The basement reeks of curdled milk and ammonia, which is released when the cheese begins to mould and mature. At 10am, the siblings are mid-pasteurisation, humming to Tracy Chapman. They have accessorised their daily uniform of T-shirts, shorts and flip flops (the benefits of working from home) with aprons and hair nets. The room is uncluttered and commendably spotless. Their sole employee, Sarita “tai”, a slight figure, bravely ventures in and out of the freezer without layering. A thermometer, humidifier for the freezer and a ph meter (to gauge the level of acidity in the milk) are the only gadgets they’ve purchased for what is largely a hand-made operation.

Camembay and Bombrie are the focus of their production. They also make small batches of robiola, a soft-ripened Italian cheese. The brothers take turns around the kitchen, adding culture to pasteurised milk, followed by rennet, filling the coagulated milk into moulds and leaving them in the freezer to dry. The simple, non-hectic rhythm of their processes belies the labour intensiveness of the job. In trying to replicate the complex French classics as opposed to the easier-to-make spreadable fresh cheese, the siblings knowingly took a gamble.

Milk is the greatest variable in their process and requires close monitoring. “The internet gave us a skeletal recipe and method, but we have to alter the recipe based on the ingredients available to us daily,” said Prateeksh Mehra. There have been times when the milk they get is not usable at all, resulting in the loss of a day’s work. It’s the reason they maintain contracts with multiple dairies.

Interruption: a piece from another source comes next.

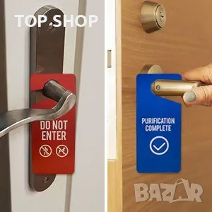 Елате със знак за предупреждение и позволено. Когато машината за озониране работи, закачете табелата „НЕ ВЛИЗАЙТЕ“ на дръжката на вратата, за да избегнете безразборно влизане на други хора. След приключване на работата, закачете знака „ПРЕЧИСТВАНЕТО ЗАВЪРШИ“, за да кажете на другите да разрешат влизането в стаята.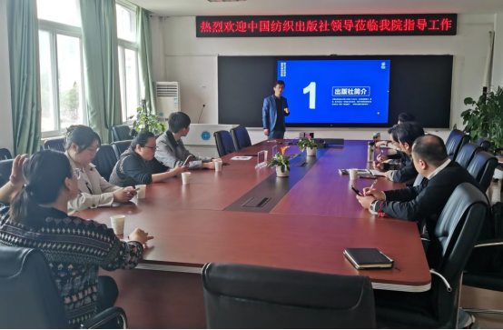 华长印社长首先详细介绍了中国纺织出版社的情况,并就出版社的特色和突出优势做了重点说明。与会老师与华长印社长、朱昭霖编辑就学科建设、项目报批、成果出版及教材建设等方面的内容进行深度了交流。最后,何清俊院长对华长印社长一行的到访指导表示感谢,会议在热烈的交流气氛中圆满结束。

The short shelf-life of their preservative-free cheese – you can typically keep it refrigerated for 21 days after which it will over-ripen –  is also problematic for them. “Since everyone is so vocal on the internet especially about food, we have to tread very carefully,” said Prateeksh Mehra. “There are customers who know their cheese and those that tell us that the Camembert is too smelly (you can tell a good Camembert by its characteristic odour).” The many challenges notwithstanding, the pair is keen to persevere with the operation, which is now earning them a marginal profit. This despite the fact that at Foodhall and on, the Camembay and Bombrie retail at a pricey Rs546 per 200 grams. The online grocer lists imported brands of Camembert and Brie that are similarly priced and in some cases even cheaper than The Spotted Cow Fromagerie’s versions of them. The hefty price tag of their cheese is a result of them using imported cultures and rennet and the intensity of labour and customisation they require.

Around 1pm, once the co-agulated milk is placed in moulding blocks and left for draining in the dark, odorous freezer, the Mehras emerge from the basement to feed their three turtles and themselves. The front and backyards of their three-storey bungalow are teeming with squirrels and sparrows. Sightings of venomous snakes are also common in their housing colony, which borders Borivali National Park. The brothers said they can’t imagine being reintegrated into regular jobs and city life. They haven’t however become complacent.

The duo is working on scaling up the business by selling the cheese in other cities and also plans to introduce new varieties of semi-hard cheese. “There’s a movement towards conscious eating,” said Prateeksh Mehra. “I want to be in the business, as long as it allows me to stick to the traditional, hand-made methods of making cheese.” After lunch they’re back in the freezer to “flip” the cheese, so that no trace of whey is left in the moulding containers. They’re interrupted by the sound of furious scraping against the basement door. Kaltos has come to collect his daily quota of Camembay.